Most methods for k-safety verification are centered around the self-composition of a program [6] and often improve upon a naïve self-composition by, e.g., exploiting the commutativity of statements [29, 31, 32, 55]. Relational program logics for k-safety offer a rich set of rules to over-approximate the program behavior [3, 7, 8, 28, 49, 56, 60]. Recently, much effort has been made to employ under-approximate methods that find bugs instead of proving their absence; so far, mostly for unary (non-hyper) properties [17, 24, 42, 47, 50, 52, 58, 62].

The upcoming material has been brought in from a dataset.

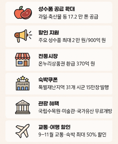 정부는 추석 민생안정 대책을 통해 국민 생활비 부담을 낮추고 지역경제 활력을 높이기 위해 역대 최대 규모의 성수품 공급, 대대적인 할인 행사, 교통비 경감, 관광 지원책을 추진합니다.

Dardinier et al. [25] propose Hyper Hoare Logic – a logic that can express arbitrary hyperproperties, but requires manual deductive reasoning. Dickerson et al. [26] introduce RHLE, a program logic for the verification of \(\forall ^*\exists ^*\) properties, focusing on the composition (and under-approximation) of function calls. They present a weakest-precondition-based verification algorithm that aligns loops in lock-step via user-provided loop invariants. Unno et al. [57] present an extension of constraint Horn-clauses (called pfwCSP). They show that pfwCSP can encode many relational verification conditions, including many hyperliveness properties like GNI (see Section 5). Compared to the pfwCSP encoding, we explore a less liberal program alignment (guided by (Loop-Counting)). However, we gain the important advantage of generating standard (first-order) SMT constraints that can be handled using existing SMT solvers (which shows significant performance improvement, cf. Section 5).

Most work on the verification of hyperliveness has focused on more general temporal properties, i.e., properties that reason about infinite executions, based on logics such as HyperLTL [13, 20, 33]. Coenen et al. [22] study a method for verifying hyperliveness in finite-state transition systems using strategies to resolve existential quantification. This approach is also applicable to infinite-state systems by means of an abstraction [12, 39] (see HyPA in Section 5). Bounded model-checking (BMC) for hyperproperties [38] unrolls the system to a fixed bound and can, e.g., find violations to GNI. Existing BMC tools target finite-state (boolean) systems and construct QBF formulas; lifting this to support infinite-state systems by constructing SMT constraints is an interesting future work and could, e.g., complement ForEx in the refutation of FEHTs.

7 Conclusion

We have studied the automated program verification of relational \(\forall ^*\exists ^*\) properties. We developed a constraint-based verification algorithm that is rooted in a sound-and-complete program logic and uses a (parametric) postcondition computation. Our experiments show that – while our logic-guided tool explores a restricted class of possible loop alignments – it succeeds in many of the instances we tested. Moreover, the use of off-the-shelf SMT solvers results in faster verification, paving the way toward a future of fully automated tools that can check important hyperliveness properties such as GNI and opacity.